1、前言
Bradford 法(考马斯亮蓝法)是蛋白含量测定的经典实验方法,因其灵敏度优异,被实验室广泛使用。但操作细节把控不当,容易出现结果不稳定、重复性差等问题。
本文为你带来源自 Springer Protocol 的标准化实验方案,稳定好做、易上手。
2、实验原理
Bradford 法以考马斯亮蓝 G-250 为显色染料。
在酸性环境中,染料可与蛋白质中的碱性氨基酸(组氨酸、精氨酸、赖氨酸等)结合,形成染料 - 蛋白复合物,溶液颜色由棕黄色变为蓝色,可用分光光度计进行检测。

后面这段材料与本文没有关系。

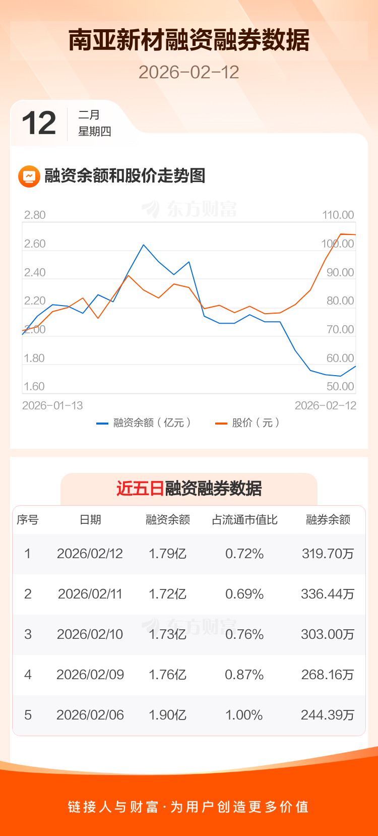 交易所最新数据显示,南亚新材于2026年2月12日获融资买入7203.02万元,融资偿还6510.05万元,当日融资净买入692.97万元。目前,该股融资余额1.79亿,占流通市值比例为0.72%。

蛋白浓度越高,蓝色显色强度越高,通过吸光度即可定量计算蛋白含量。
该方法操作简便、快速、灵敏度高,受缓冲液成分干扰小,是蛋白定量的优选方法。
此法仍存在一定局限性:显色反应依赖蛋白质中的组氨酸、精氨酸、赖氨酸等碱性氨基酸。若待测蛋白中这类氨基酸含量与平均水平差异较大,会导致定量结果不准确。
3、实验材料
所需设备
移液器
玻璃比色皿
紫外分光光度计
试剂与耗材
考马斯亮蓝 G
100% 乙醇
磷酸
BSA(标准品,用于绘制标准曲线)
稀释缓冲液
待测蛋白样品
超纯水
Whatman 1 号滤纸
Bradford 试剂配制
将 40 mg 考马斯亮蓝 G 溶于 20 mL 100% 乙醇,搅拌 20 min;
依次加入 40 mL 磷酸与 340 mL 超纯水;
用 Whatman 1 号滤纸对混合液过滤 2 次;
滤液转入棕色瓶,4 ℃ 避光保存。
注:全程操作需避光。
4、实验步骤
蛋白样品建议按需分装,单次使用一管,冰上解冻。
用 BSA 配制 1–20 μg 梯度稀释的标准品,在 595 nm 波长下检测吸光度并绘制标准曲线(下文提供标准配制方案)。
三列数据从左至右依次为:稀释缓冲液、Bradford 试剂、BSA 标准品。
根据已绘制的标准曲线,测定缓冲液与待测样品混合液在 595 nm 处的吸光度,对照标准曲线即可计算得到待测样品的蛋白浓度。
5、标准曲线绘制
以蛋白浓度(mg/mL)为 X 轴,595 nm 处吸光度(OD595)为 Y 轴,利用 BSA 标准品数据绘制标准曲线。为保证定量精度,建议对数据进行最优曲线拟合,示例见下图。
左侧为 BSA 标准品原始数据,右侧为基于该数据拟合得到的标准曲线。
6、注意事项
Bradford 法灵敏度较高,适用于低浓度蛋白样本。若样品浓度超出检测线性范围,需先梯度稀释,使吸光度落在有效区间内再进行测定。
样品中含有的表面活性剂(如常见于总蛋白提取缓冲液)会对检测结果产生干扰,需尽量避免。
显色完成后应在 1 小时内完成吸光度检测,每组样品建议设置 3 个技术重复。
移液操作需精准规范。由于本法多用于低浓度蛋白定量,移液误差易导致结果波动,需严格控制操作一致性。
若待测蛋白中组氨酸、精氨酸、赖氨酸含量与常规蛋白平均水平差异较大,不建议使用 Bradford 法,可根据蛋白特性选择 Lowry 法、BCA 法或紫外分光光度法。